[Start of section]

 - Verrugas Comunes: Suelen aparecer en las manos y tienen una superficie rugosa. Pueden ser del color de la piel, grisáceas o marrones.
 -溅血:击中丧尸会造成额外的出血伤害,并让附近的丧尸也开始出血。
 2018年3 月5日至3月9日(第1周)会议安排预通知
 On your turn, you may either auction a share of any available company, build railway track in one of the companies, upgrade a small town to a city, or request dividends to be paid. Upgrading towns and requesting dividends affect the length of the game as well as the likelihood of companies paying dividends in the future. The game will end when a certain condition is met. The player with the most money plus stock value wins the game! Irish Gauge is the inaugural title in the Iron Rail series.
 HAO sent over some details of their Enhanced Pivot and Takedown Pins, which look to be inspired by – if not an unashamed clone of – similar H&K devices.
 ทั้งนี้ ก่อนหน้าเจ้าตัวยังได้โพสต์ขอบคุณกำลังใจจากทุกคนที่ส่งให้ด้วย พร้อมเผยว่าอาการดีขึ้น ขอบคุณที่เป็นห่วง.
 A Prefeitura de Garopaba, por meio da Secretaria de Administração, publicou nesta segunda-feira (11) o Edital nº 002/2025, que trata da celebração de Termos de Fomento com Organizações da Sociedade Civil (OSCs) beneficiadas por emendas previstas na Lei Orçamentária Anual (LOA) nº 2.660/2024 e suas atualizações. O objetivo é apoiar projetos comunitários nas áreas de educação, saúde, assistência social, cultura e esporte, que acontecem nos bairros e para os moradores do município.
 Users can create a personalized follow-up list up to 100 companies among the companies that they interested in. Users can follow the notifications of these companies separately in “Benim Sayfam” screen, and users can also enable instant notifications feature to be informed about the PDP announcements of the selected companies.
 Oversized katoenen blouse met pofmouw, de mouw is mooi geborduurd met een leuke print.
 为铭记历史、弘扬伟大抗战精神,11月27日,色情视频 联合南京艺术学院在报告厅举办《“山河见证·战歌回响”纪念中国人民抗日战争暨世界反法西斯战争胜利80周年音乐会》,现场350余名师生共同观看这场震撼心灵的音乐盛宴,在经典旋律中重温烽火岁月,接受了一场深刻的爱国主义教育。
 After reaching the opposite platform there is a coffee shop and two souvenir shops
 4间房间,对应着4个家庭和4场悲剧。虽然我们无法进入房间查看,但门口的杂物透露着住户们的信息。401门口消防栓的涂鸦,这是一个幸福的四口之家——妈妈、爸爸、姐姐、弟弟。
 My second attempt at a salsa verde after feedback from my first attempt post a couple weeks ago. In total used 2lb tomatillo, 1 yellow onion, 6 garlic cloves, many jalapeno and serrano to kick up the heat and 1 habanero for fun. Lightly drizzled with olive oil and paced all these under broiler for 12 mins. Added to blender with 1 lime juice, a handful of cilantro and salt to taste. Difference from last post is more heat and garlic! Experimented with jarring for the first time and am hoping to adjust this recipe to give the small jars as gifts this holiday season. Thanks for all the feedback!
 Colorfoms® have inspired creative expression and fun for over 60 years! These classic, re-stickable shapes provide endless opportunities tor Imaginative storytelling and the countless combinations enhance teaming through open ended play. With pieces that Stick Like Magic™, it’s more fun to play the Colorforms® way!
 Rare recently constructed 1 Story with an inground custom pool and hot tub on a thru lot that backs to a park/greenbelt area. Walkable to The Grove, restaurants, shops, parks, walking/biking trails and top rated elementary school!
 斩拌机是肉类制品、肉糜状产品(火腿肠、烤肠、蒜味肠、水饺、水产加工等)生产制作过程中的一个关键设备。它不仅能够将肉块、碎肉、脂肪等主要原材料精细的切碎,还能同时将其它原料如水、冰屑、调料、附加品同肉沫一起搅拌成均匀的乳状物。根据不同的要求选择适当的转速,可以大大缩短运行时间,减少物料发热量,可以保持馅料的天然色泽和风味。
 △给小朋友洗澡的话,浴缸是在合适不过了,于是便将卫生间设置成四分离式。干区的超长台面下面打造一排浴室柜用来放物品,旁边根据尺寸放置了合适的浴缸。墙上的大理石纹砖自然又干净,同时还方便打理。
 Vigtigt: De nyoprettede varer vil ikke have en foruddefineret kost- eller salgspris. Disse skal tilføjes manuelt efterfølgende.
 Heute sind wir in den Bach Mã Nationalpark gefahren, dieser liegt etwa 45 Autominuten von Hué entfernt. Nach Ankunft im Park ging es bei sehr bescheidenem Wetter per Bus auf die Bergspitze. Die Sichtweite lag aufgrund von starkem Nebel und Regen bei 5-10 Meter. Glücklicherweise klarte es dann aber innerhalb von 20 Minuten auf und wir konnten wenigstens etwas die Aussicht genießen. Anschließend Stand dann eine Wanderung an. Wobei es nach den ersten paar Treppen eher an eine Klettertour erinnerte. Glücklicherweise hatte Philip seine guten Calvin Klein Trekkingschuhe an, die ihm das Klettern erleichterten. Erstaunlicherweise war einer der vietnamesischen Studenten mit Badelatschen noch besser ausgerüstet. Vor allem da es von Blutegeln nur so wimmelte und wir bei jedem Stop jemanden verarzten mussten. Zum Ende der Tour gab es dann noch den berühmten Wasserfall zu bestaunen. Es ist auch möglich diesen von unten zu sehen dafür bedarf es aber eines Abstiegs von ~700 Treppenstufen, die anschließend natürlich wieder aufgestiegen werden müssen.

[End of section]

TASK BRIEF:
What do the lines above say from the one containing "Rare recently constructed" down to the one containing "斩拌机是肉类制品、肉糜状产品"? Return them exactly, both end lines included, and only them.

EXPECTED ANSWER:
 Rare recently constructed 1 Story with an inground custom pool and hot tub on a thru lot that backs to a park/greenbelt area. Walkable to The Grove, restaurants, shops, parks, walking/biking trails and top rated elementary school!
 斩拌机是肉类制品、肉糜状产品(火腿肠、烤肠、蒜味肠、水饺、水产加工等)生产制作过程中的一个关键设备。它不仅能够将肉块、碎肉、脂肪等主要原材料精细的切碎,还能同时将其它原料如水、冰屑、调料、附加品同肉沫一起搅拌成均匀的乳状物。根据不同的要求选择适当的转速,可以大大缩短运行时间,减少物料发热量,可以保持馅料的天然色泽和风味。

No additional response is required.